Amazingly the back and forth he had with Jeb about Boeing and China is actually true:
http://www.forbes.com/sites/lorenthompson/2015/09/23/boeing-to-build-its-first-offshore-plane-factory-in-china-as-ex-im-bank-withers/#2715e4857a0b4f863bae5252
Yes, yes, 10000 times yes. I am in the fed up number! I am Cruz guy, and I have liked Cruz for years, but I will vote for Trump if he gets the nomination. I will relish how pissed off the elites will be.
Trump is not one of them, despite his money. The elites have never liked him. I am not sure I like him, but this is what it comes to when the elites who rule us (and rule us they do, instead of serve), disdain us and hate us.
Did he start the explanation with, “Look, dumb#$$…”?
This is an interesting revelation, though. What does it say when the sophisticates so misunderstand, but one with a high school education understands with no problem? I think this is true of most of what Trump is saying.
Great article. Also highlights a key point as to how Trump would be different from, say Cruz, but similar to the establishment. Trump would never get rid of the Ex-Im Bank.
Also highlights how Trump probably does have a better grasp on what’s happening with the business climate than others.
Well done, Dave. The Republican establishment and the open borders crowd (but I repeat myself) can get stuffed.
The root of the issue is that Republicans don’t get social media, and are actively lighting themselves on fire.
If one peruses the twitter feed down and to the right of the ricochet home page. Why based upon that do people want to vote for a mainstream candidate?
That is the only thing I disagree with even slightly. It isn’t self-destructive. That would imply some internal conflict. Conservatism, to the national Republican party, has become a marketing strategy, a way to keep the rubes distracted while the Uniparty cements its rule. Two divisions of a company may be rivals, but as long as both are profitable and advance the overall strategy of the company, they’re not enemy enemies.
The upper echelons of the Republican party are not conservatives in any broad or principled sense that might lead them to introspection and self-criticism. They’ve been willing to play the part on TV to keep the voters acquiescent to policies and actions which are harmful to the voters themselves and to the country. The Democrat division of the Uniparty has support from black voters in much the same way.

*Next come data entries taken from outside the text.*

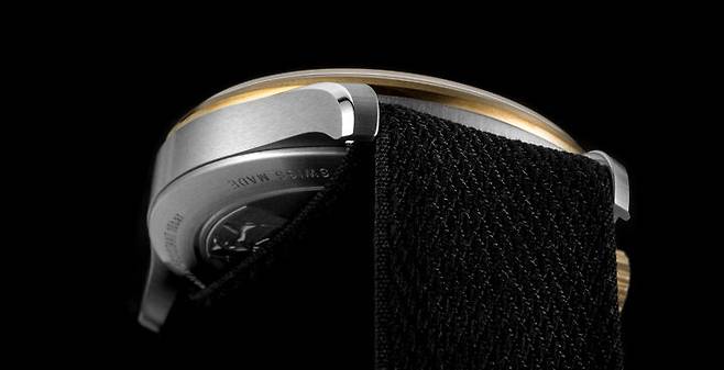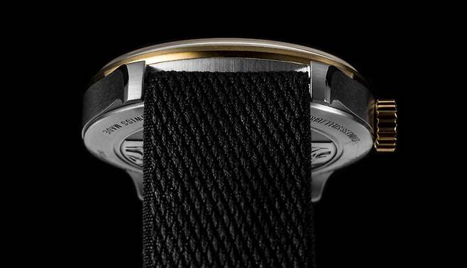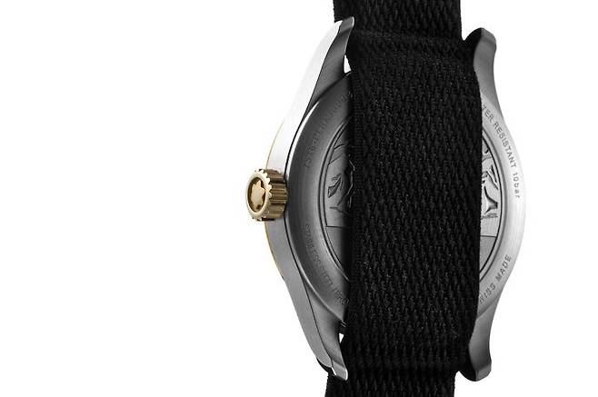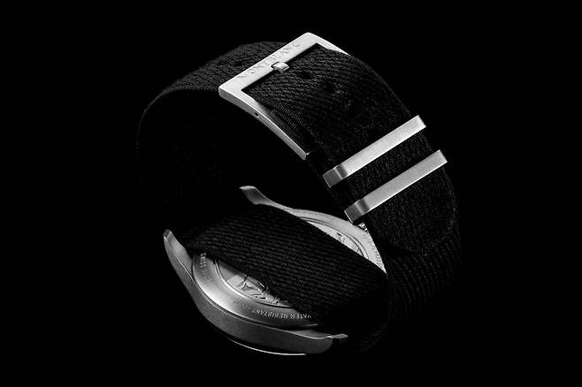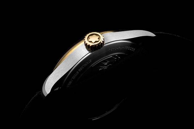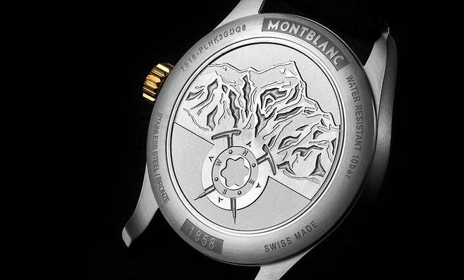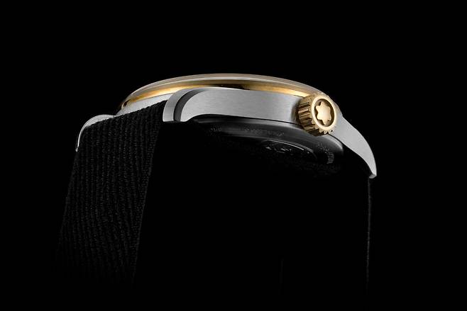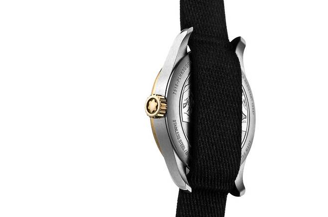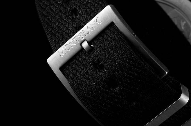 1858 컬렉션은 모험과 산악탐험이라는 주제를 뒷받침하기 위해 빈티지, 군용 시계 디테일을 즐겨 사용합니다. 1858 24H에 사용한 나토 스트랩도 같은 맥락입니다. 오리지날 나토 스트랩의 소재는 질기고 빠르게 건조는 나일론으로 군용에 적합합니다. 이 모델에서는 나토 스트랩을 고급스럽게 어레인지 했습니다. 케이스 두께를 지지할 수 있을 정도로 도톰하고 피부에 닿는 촉감이 부드럽도록 가공했습니다. 버클은 탱 버클이며 몽블랑의 이름을 선명하게 새겼습니다. 1858 24H의 스트랩과 버클은 군용 디테일을 따라 기능성을 추구했다고 볼 수 있습니다.
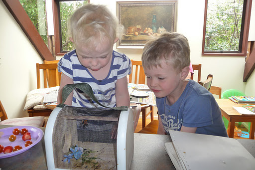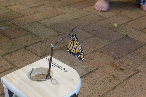 The butterfly’s wings need to stretch and dry out before it can fly so it doesn’t do terribly much straight away. The kids were both enthralled:
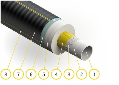 Труба ИЗОПРОФЛЕКС-A 1 МПА представляет собой многослойную конструкцию, состоящую из напорной трубы, теплоизолирующего слоя и защитной оболочки.
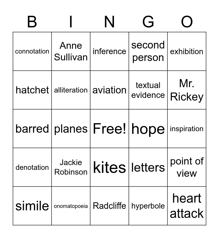 This bingo card has a free space and 26 words: kites, hyperbole, aviation, onomatopoeia, exhibition, connotation, hatchet, Anne Sullivan, inspiration, letters, textual evidence, barred, point of view, simile, planes, personification, second person, denotation, inference, heart attack, Mr. Rickey, Radcliffe, hope, Jackie Robinson, alliteration and imagery.
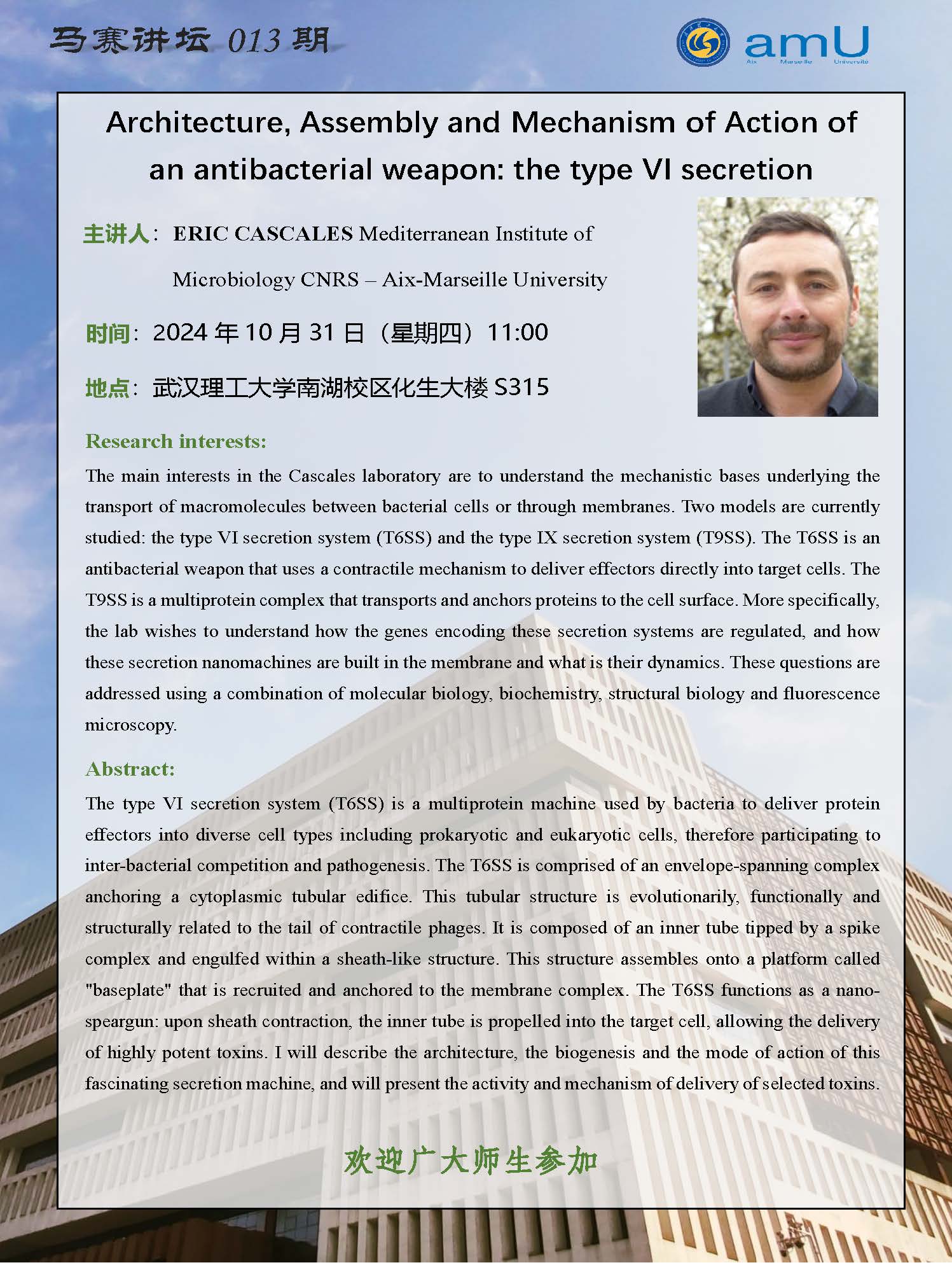 【马赛讲坛013期】Architecture, Assembly and Mechanism of Action of an antibacterial weapon: the type VI secretion

Once the Tea Party arose, the GOP leadership recognized the insurgency as their enemy and have been fighting against them – us – ever since. The GOP leadership and all the candidates except Cruz (maybe) and Trump (recently, anyway) have already come out in support of immigration policies that will ensure decades of Progressive rule.
This election is for all the marbles.
You cannot rebuild on a rotten foundation. You must remove the old, yes burn it down and piss on the ashes, before you can begin to rebuild. Trying to patch up a rotten foundation for the last half-century is what has gotten us into this mess.
There’s much to this. I don’t see how the current direction of the party (or at least a very vocal third of it) rebuilds anything.
We are not in the rebuild phase yet. We’re just beginning the burn down and piss phase (and I want attribution when people use my phrase!)
Do you prefer Whiskey Sam or Chain Smoking Monkey?